WOOD RIVER JCT. — Chariho Superintendent of Schools Barry Ricci presented his list of 2019 goals at the Jan. 22 School Committee meeting, outlining ambitious targets for student performance. The initiative to create specialty elementary schools will also be finalized this year.
Ricci said his goals were derived from the district’s new five-year strategic plan, Vision 2023, a collaborative effort that in addition to Chariho administrators and teachers, also included students and the general public. Approved by the School Committee at the Dec. 11 meeting, Vision 2023 will guide all district policies and programs.
“My goals address components of Vision 2023 which I believe will be most impactful,” Ricci said.
One of Ricci’s priorities is ensuring that every school, including the Chariho Alternative Learning Academy, or CALA, receives four or five stars in the next statewide schools ranking.
Although most Chariho schools received high, four- or five-star ratings in the state “report card” released last December, CALA, which serves the district’s special-needs students, received the lowest rating of one star and has been identified as requiring additional state oversight. Ricci said he welcomed the challenge of improving performance at the school and did not see any reason to expect less from CALA than the district’s other schools.
“One of the reasons CALA is a school as opposed to a program is that we want it held to the same standards as all other schools,” he said. “Our students deserve no less.”
Learning from Massachusetts
Ricci’s plan to improve Chariho test scores includes learning from schools in neighboring Massachusetts. After identifying demographically similar but higher-scoring schools in Massachusetts, which, on a state level, outperformed Rhode Island on standardized assessments, Ricci matched them with Chariho schools. The hope is that the Chariho schools will learn how and why their Massachusetts counterparts perform at such high levels.

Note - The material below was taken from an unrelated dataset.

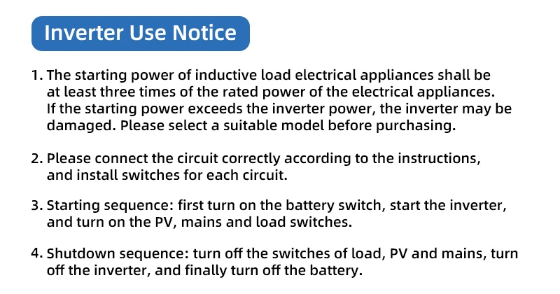 A: Если бытовая техника содержит приборы с индуктивной нагрузкой, такие как холодильники, стиральные машины, кондиционеры и т. Д., мощность инвертора как минимум в три раза превышает общую мощность устройств индуктивной нагрузки, в противном случае устройства могут не запуститься.

Chariho High School has been paired with Dartmouth High School, the middle school with Harold Quarters Middle School in Mansfield, Ashaway Elementary School with Cushing Elementary School in Scituate, Charlestown elementary with Winthrop elementary in Ipswich, Hope Valley elementary with Carlisle elementary in Carlisle and Richmond elementary with Fiske elementary in Wellesley.
“I hope to see improvement in some schools very quickly, as they were very close to a higher rating,” Ricci said. “Unfortunately, we received results very late, which delayed our analysis and implementation of next steps.”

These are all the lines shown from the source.